Juliette Lewis has been a force on the big screen for more than three decades, but for the first time in more than 20 years she's headed to the small screen with NBC's The Firm. She's also been making waves on the smallest of screens with the viral internet series, S*** Girls Say.
The TV reimagining of John Grisham's novel takes place 10 years after the events of the film, starring Tom Cruise, and find out what happens when Mitch (played by Josh Lucas), his wife Abby (Molly Parker) and his loyal paralegal Tammy (Juliette Lewis) finally emerge from witness protection.

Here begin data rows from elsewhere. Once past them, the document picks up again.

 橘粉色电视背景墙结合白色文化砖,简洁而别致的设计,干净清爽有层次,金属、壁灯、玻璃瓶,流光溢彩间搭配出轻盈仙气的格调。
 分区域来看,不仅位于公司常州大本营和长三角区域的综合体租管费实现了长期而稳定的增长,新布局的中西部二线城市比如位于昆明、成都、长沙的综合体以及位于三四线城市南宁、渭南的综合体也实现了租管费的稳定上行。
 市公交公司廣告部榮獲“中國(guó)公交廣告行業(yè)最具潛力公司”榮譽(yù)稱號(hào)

Needless to say, it might have been smarter and safer to stay hidden - for them. For audiences, their reappearance leads to a cat-and-mouse thriller that will leave you on the edge of your seat. Juliette Lewis sat down with ETonline at NBC's Televisions Critics Assocition to reveal why she decided to accept a TV role, what you can expect from her scene-stealing character and how she got involved with the year's most popular web series.
ETonline: What made you sign on to The Firm?

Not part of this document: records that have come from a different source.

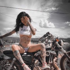 motorbike ink brunette girl K 545454 P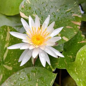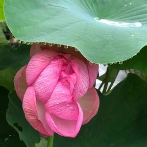 ハス(蓮) 🌸☘🌸 雨の日のハス🌸、葉っぱ☘が傘☔️になってる…😊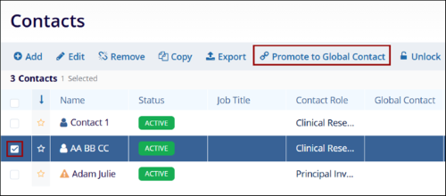 - Click on the Promote to Global Contact button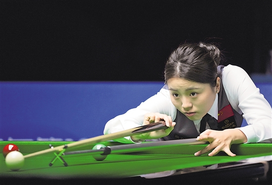 白雨露在女子斯諾克6紅球比賽中。新華社記者 胥冰潔 攝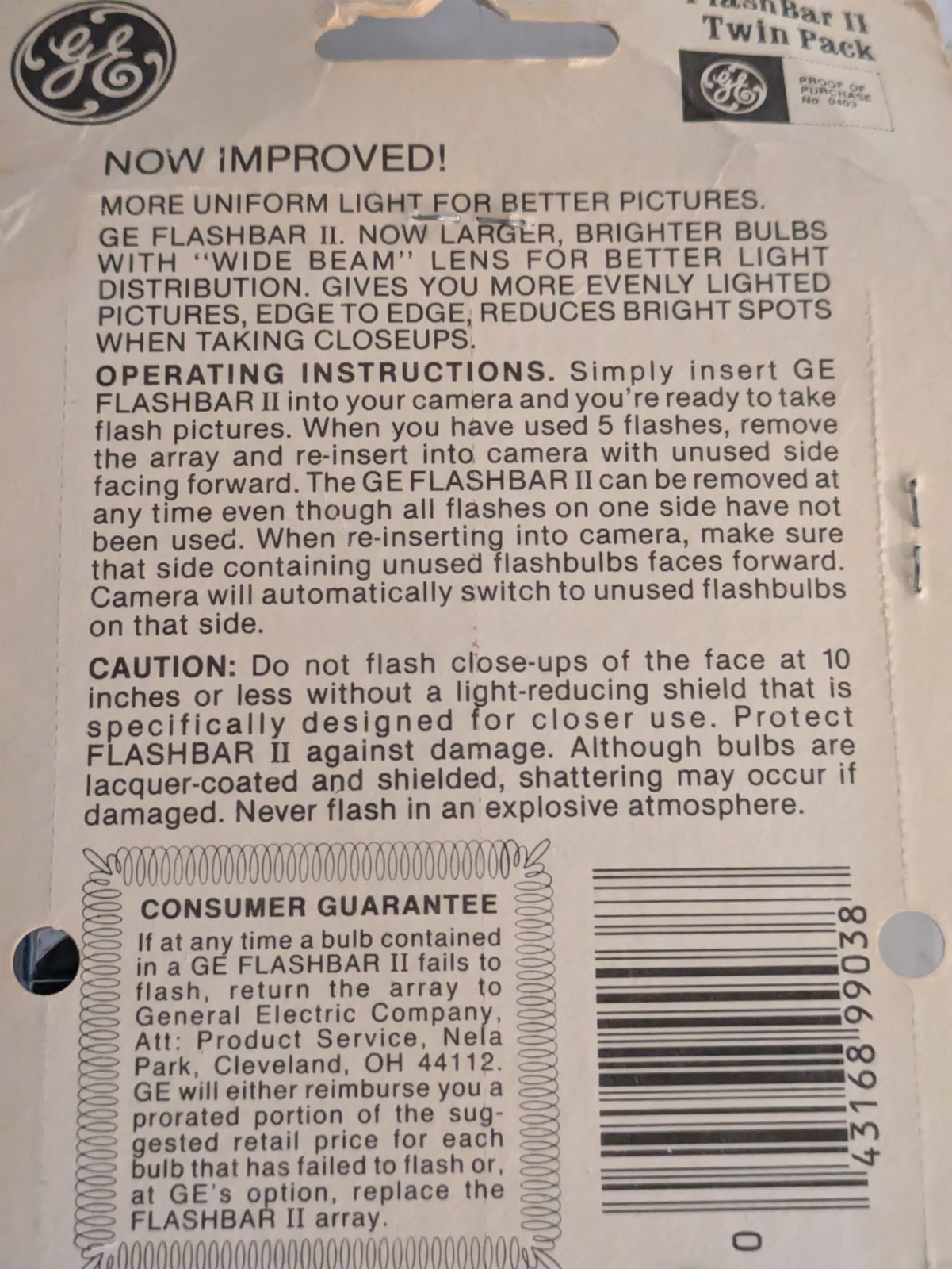 Vintage NOS GE Polaroid SX70 Twin Pack Flash Bar Unopened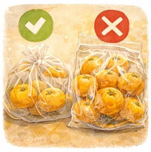 みかんは本来、風通しの良い場所での保存に向いた果物です。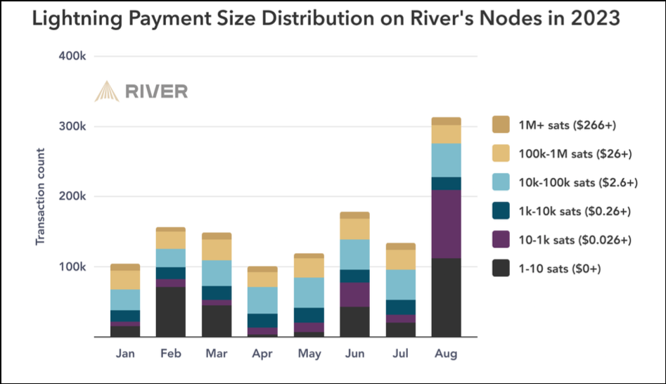 In any case, we have metrics on the Lightning Network that strongly suggest that adoption (1200% annual growth in the number of transactions) and the use case for micropayments (high percentage of transactions below one dollar) are going the right way, as you can see in these graphics from a report published by River on October 2023.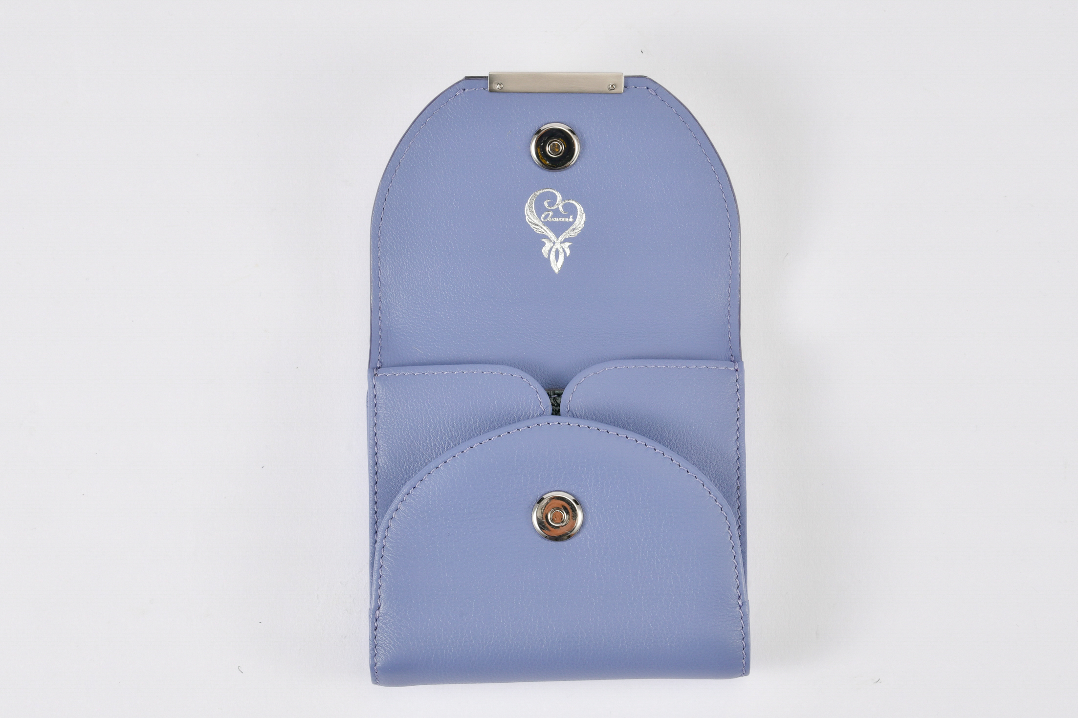 アールを基調にまるい深めの被せはMoon(満月)をイメージし、緩やかなカーブを描くanmiオリジナルメタルがアクセント。エンベロープスタイルなマグネットフラップ開閉でストレスフリー。

Juliette Lewis: Several things -- timing as well as the project itself were the biggest factors. I never wanted to do a series. The last one I did was in 1989, which I just love saying [laughs]. But this came my way and it's got the John Grisham brand on it -- we hope to bring any portion of that kind of thriller to TV. But the pilot script read pretty riveting. I also love the role of Tammy. I love what Holly Hunter [who played Tammy in the film] did; I feel like she's a distant cousin to me in the acting family tree - that's the metaphor I like to go with. Ultimately though we're doing a different thing. It's our interpretation of that character. Then, Josh Lucas was a draw too. It had all these cinematic elements, which make it rich.

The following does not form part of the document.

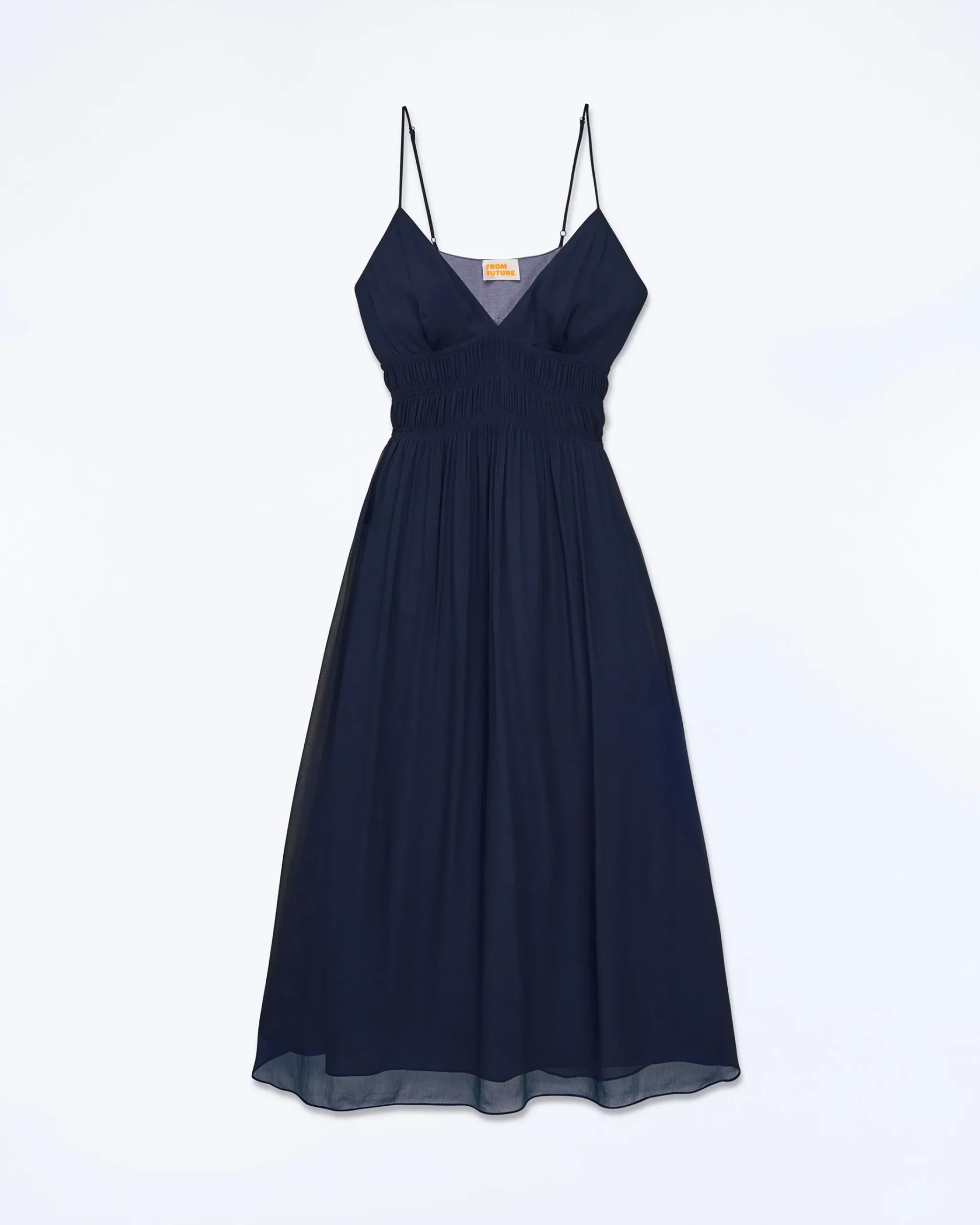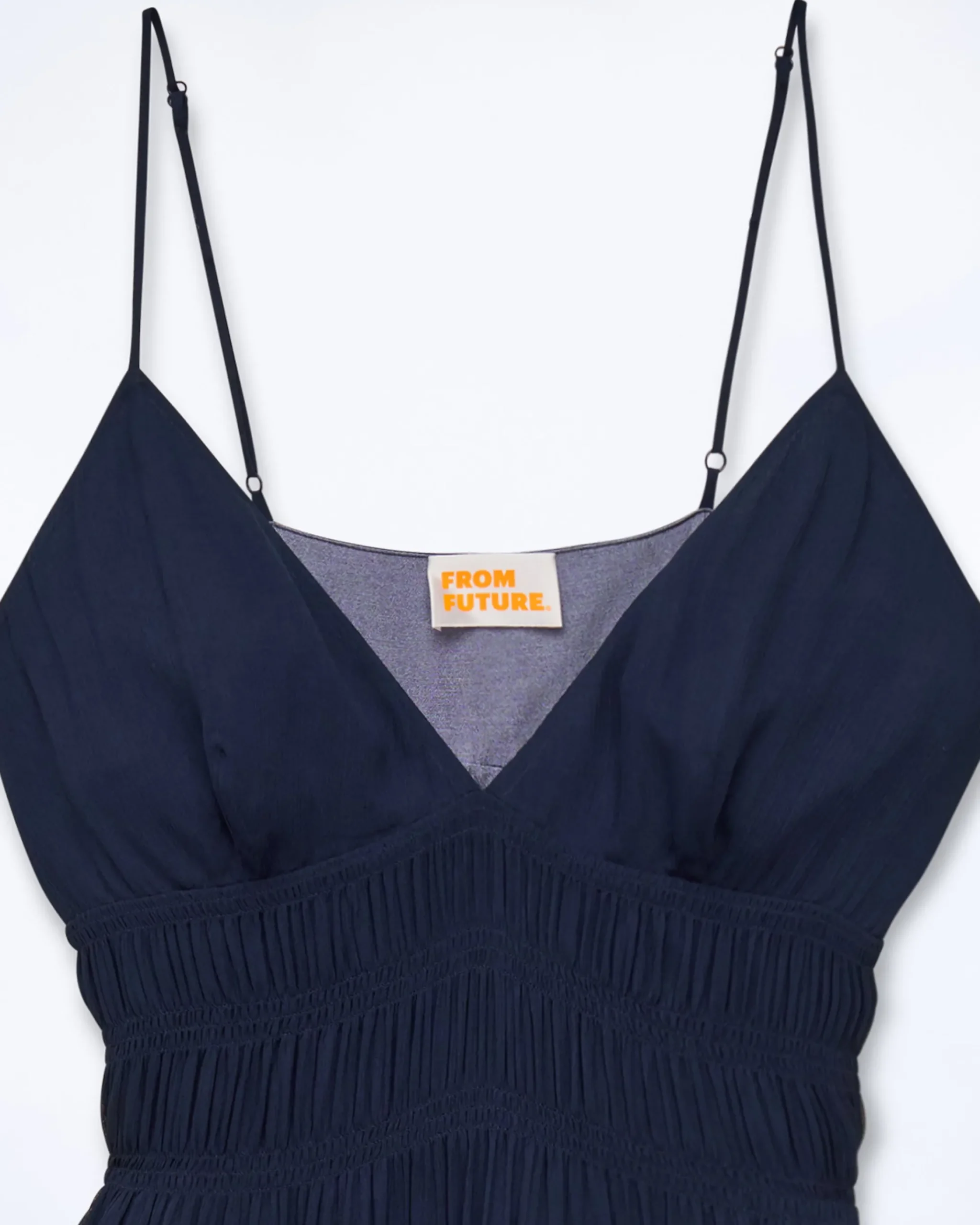 Questo vestito lungo ti conduce verso nuovi orizzonti cosmici. Con uno scollo a V e spalline sottili, presenta un look morbido e slanciato, accentuato da un’arricciatura in vita e da una gonna svasata. Protagonista del tuo guardaroba futurista, puoi indossarlo sia di giorno che di sera.

ETonline: I absolutely adore the character of Tammy. I'd actually watch an entire series about her. What went into creating her for you?
Lewis: I like to bring the craft to anything I play and the fact I don't know what's going to happen next, is interesting. It makes acting challenging again in a whole new way. I see Tammy as the light in the room. She's this off-color character within this rigid environment. I love that she's in her own head all the time. I'm not in the pilot that much, but in future episodes, I go undercover and get involved much more. There are full episodes devoted to her journey in the future.
ETonline: During the TCA panel, you described Tammy as a "survivalist" - what did you mean by that?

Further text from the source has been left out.